[Stored data entries]
--
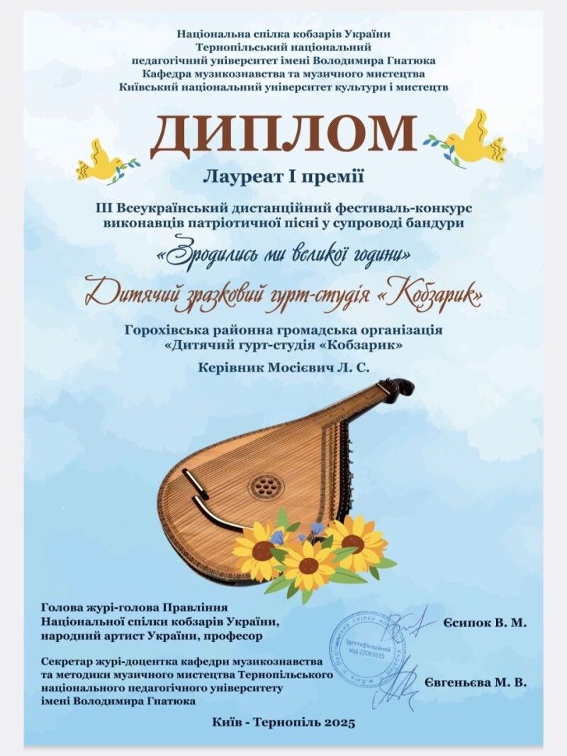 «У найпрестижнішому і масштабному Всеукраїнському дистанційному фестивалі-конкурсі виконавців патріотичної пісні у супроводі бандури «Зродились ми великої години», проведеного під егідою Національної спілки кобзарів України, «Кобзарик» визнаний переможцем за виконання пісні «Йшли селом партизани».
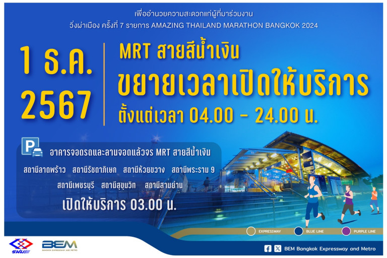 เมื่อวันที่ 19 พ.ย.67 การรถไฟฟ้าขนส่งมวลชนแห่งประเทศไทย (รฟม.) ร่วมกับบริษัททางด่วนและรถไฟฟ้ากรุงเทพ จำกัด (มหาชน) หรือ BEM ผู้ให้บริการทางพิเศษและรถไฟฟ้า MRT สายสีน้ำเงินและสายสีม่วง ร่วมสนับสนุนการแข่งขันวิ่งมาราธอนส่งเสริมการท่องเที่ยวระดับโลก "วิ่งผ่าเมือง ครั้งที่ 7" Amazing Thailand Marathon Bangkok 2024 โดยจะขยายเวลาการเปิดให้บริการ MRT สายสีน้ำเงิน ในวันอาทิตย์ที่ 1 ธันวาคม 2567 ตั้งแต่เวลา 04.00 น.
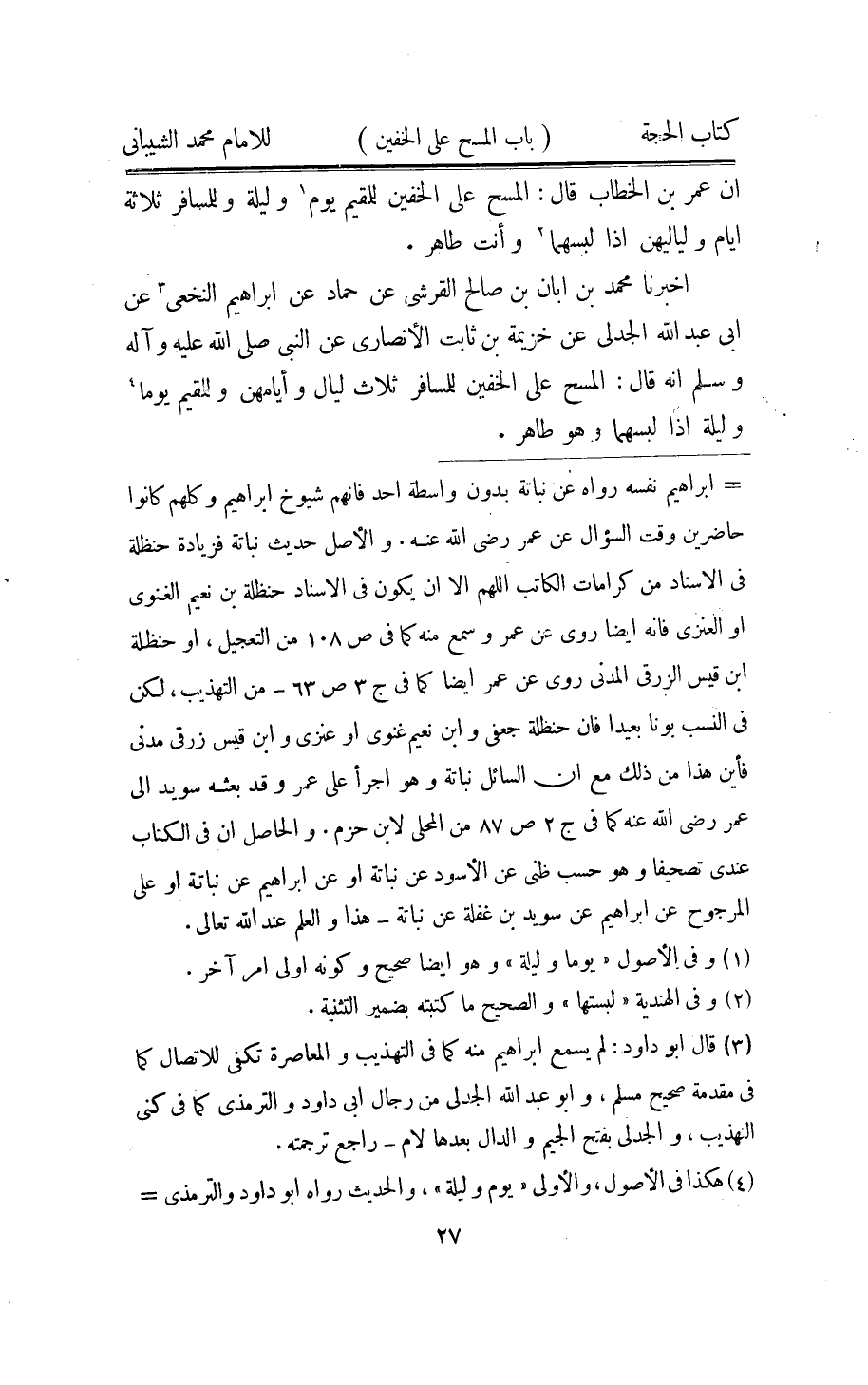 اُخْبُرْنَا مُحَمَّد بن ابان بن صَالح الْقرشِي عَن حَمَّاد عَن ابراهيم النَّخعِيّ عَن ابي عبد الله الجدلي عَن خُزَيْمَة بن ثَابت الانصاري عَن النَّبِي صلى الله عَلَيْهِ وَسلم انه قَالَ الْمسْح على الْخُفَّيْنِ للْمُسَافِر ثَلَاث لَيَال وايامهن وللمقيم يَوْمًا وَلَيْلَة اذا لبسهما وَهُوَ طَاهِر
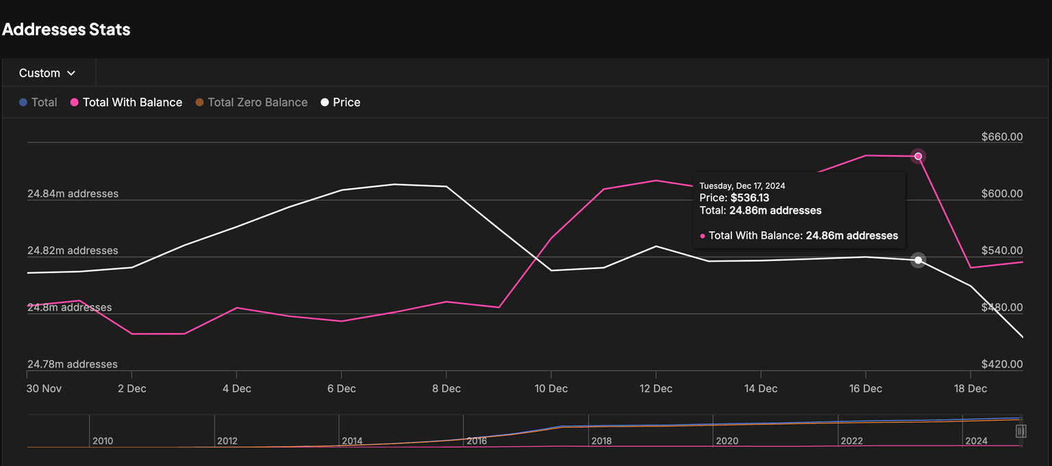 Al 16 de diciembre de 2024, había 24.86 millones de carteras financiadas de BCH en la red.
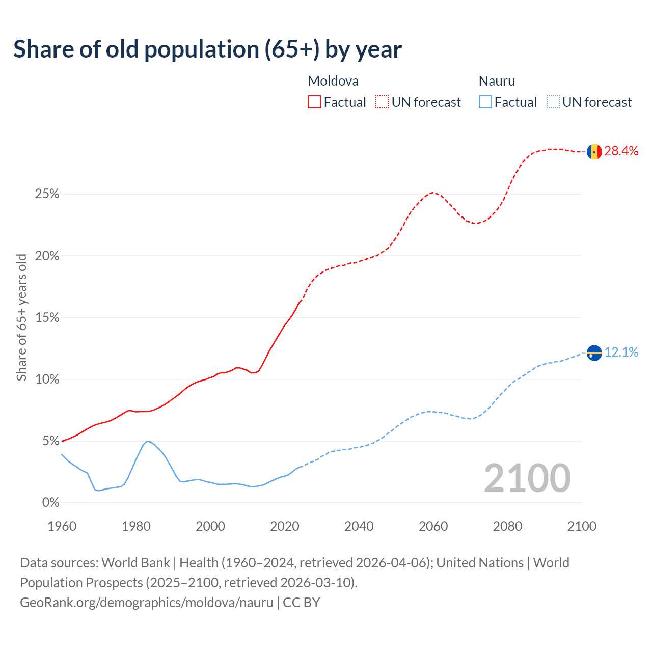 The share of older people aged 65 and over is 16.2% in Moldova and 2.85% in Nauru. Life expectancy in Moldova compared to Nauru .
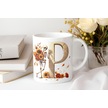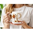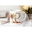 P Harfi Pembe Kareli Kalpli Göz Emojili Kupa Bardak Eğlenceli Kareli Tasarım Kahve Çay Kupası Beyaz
--
(Exercise brief): Pictures should be left out when the records above are restated exactly.

(Task result):
 «У найпрестижнішому і масштабному Всеукраїнському дистанційному фестивалі-конкурсі виконавців патріотичної пісні у супроводі бандури «Зродились ми великої години», проведеного під егідою Національної спілки кобзарів України, «Кобзарик» визнаний переможцем за виконання пісні «Йшли селом партизани».
 เมื่อวันที่ 19 พ.ย.67 การรถไฟฟ้าขนส่งมวลชนแห่งประเทศไทย (รฟม.) ร่วมกับบริษัททางด่วนและรถไฟฟ้ากรุงเทพ จำกัด (มหาชน) หรือ BEM ผู้ให้บริการทางพิเศษและรถไฟฟ้า MRT สายสีน้ำเงินและสายสีม่วง ร่วมสนับสนุนการแข่งขันวิ่งมาราธอนส่งเสริมการท่องเที่ยวระดับโลก "วิ่งผ่าเมือง ครั้งที่ 7" Amazing Thailand Marathon Bangkok 2024 โดยจะขยายเวลาการเปิดให้บริการ MRT สายสีน้ำเงิน ในวันอาทิตย์ที่ 1 ธันวาคม 2567 ตั้งแต่เวลา 04.00 น.
 اُخْبُرْنَا مُحَمَّد بن ابان بن صَالح الْقرشِي عَن حَمَّاد عَن ابراهيم النَّخعِيّ عَن ابي عبد الله الجدلي عَن خُزَيْمَة بن ثَابت الانصاري عَن النَّبِي صلى الله عَلَيْهِ وَسلم انه قَالَ الْمسْح على الْخُفَّيْنِ للْمُسَافِر ثَلَاث لَيَال وايامهن وللمقيم يَوْمًا وَلَيْلَة اذا لبسهما وَهُوَ طَاهِر
 Al 16 de diciembre de 2024, había 24.86 millones de carteras financiadas de BCH en la red.
 The share of older people aged 65 and over is 16.2% in Moldova and 2.85% in Nauru. Life expectancy in Moldova compared to Nauru .
 P Harfi Pembe Kareli Kalpli Göz Emojili Kupa Bardak Eğlenceli Kareli Tasarım Kahve Çay Kupası Beyaz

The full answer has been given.